Explaining that Jia Zhang-Ke was shooting his next project, Salles
introduced the documentary and had a warm Q&A with the audience in the
packed Cinestar 7, in the Sony Center at Potsdamer Platz. And for the next 105
minutes, the public was treated to a very traditional documentary format –
expository, no stylistic flourishes or voiceover narrator – made extraordinary
by the quiet, unprepossessing personality of the Chinese director and film
clips from a remarkable body of work – Platform
(200), Still Life (2006) and A Touch of Sin (2013) – portraits about the
‘non-holders of power in a time of confused values and national malaise’, as
Jia Zhang-Ke notes.
The idea behind the film is to see
how the director’s memories and experiences of growing up in Fenyang, a town in
Shanxi province, northern China, shaped his films. Salles follows the filmmaker through
courtyard apartments and busy streets in this shabby town, talking to family
and friends, and superimposes scenes of the films shot on those locations. By remembering the minutia of life in remote
from the centers of power on the coast, Jia paints the turmoil of China’s last
forty years – from the Cultural Revolution and its horrific toll, to party
capitalism, globalization and their cost – from the perspective of ordinary
folks. The voice of the director talking
to the camera and over his films not only document China’s crisis of culture
and clash of values – like his cinema - but is also a celebration of his, and
Salles, passion for cinema. The gift of
this documentary is to make us travelers to China and come closer to understand
how in the hands of gifted filmmakers the local can reveal the universal.
A family’s trove of home movies
will remain just that – records of people’s special moments in their lives –
unless they can transcend its ‘home-movieness’ thanks to the artistic touch of
the director.
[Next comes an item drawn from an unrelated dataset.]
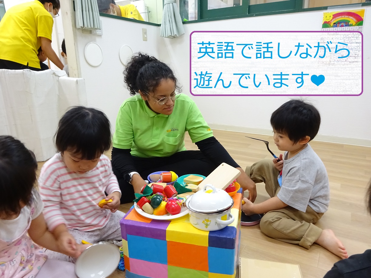 遊びの中でもおままごとをしていると子ども同士で「ヤミー!」と英語でお話しする声が聞こえてきます😊
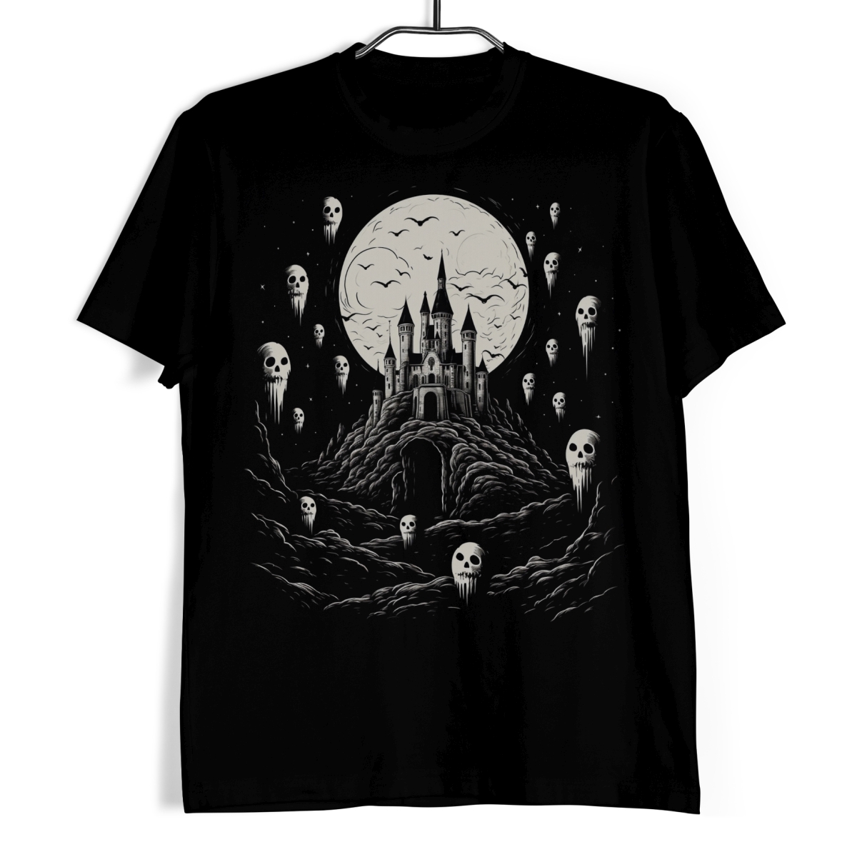Koszulka męska w kolorze czarnym ze wzorem przedstawiającym mroczny zamek na wzgórzu z duchami. Idealna propozycja dla miłośników Halloween.

Which is what happens in
the supremely entertaining three-hour long Iraqi
Odyssey. An example of the first
person documentary – à la Michael Moore, Ross McElwee and Alan Berliner, to
cite US directors – Iraqi Odyssey combines
a wealth of home movies, photos, interviews with family members scattered all
over the world, animated maps and archival footage, under the first person
account provided humorously by Samir, its Iraq-born Swiss director. This subjective approach gives a great flavor
to the film because it is grounded in a specific perspective, that of the upper
class professional bourgeoisie in Iraq, a narrative not commonly heard in the
media. The story of this multi
generation family spans from the Ottoman Empire, the partition of the Middle
East after WWI, the impact of WWII, the takeover by the Baath Party in the
1950s, the Sadam Hussein dictatorship and the US intervention in Iraq. No stones are left unturned in this chronicle
of a highly articulate family in the diaspora who enjoy a rendez-vous in
Switzerland in the climax of the film.
And as one of the patriarchs says at the end, Samir’s family is, on a
small scale, an example of how multiple cultures, religions and languages can
coexist.
I wish the emerging filmmakers
in my documentary class could see Iraqi
Odyssey: it would help them see that by putting together their family
history they can capture the larger threads of history. The director and many in his family made the
trip to Berlin to talk about their adventuresome lives in Iraq, Lebanon, Egypt,
Libya, the Arab Emirates, Switzerland and the US, while the Iraqi and Swiss
ambassadors to Germany were called to the stage before the packed screening as
a gesture of good will.
With great interest I also saw the latest films of Wim Wenders and Werner Herzog, titans of the New German Cinema of the late 60s/early 70s, still active filmmakers, but maybe with their best work behind: the small scale drama Everything Will Be Fine and the period biopic Queen of the Desert. James Franco is the protagonist of the first one and has a supporting role in the other. The press has skewered them. You have to be tough in this business of filmmaking.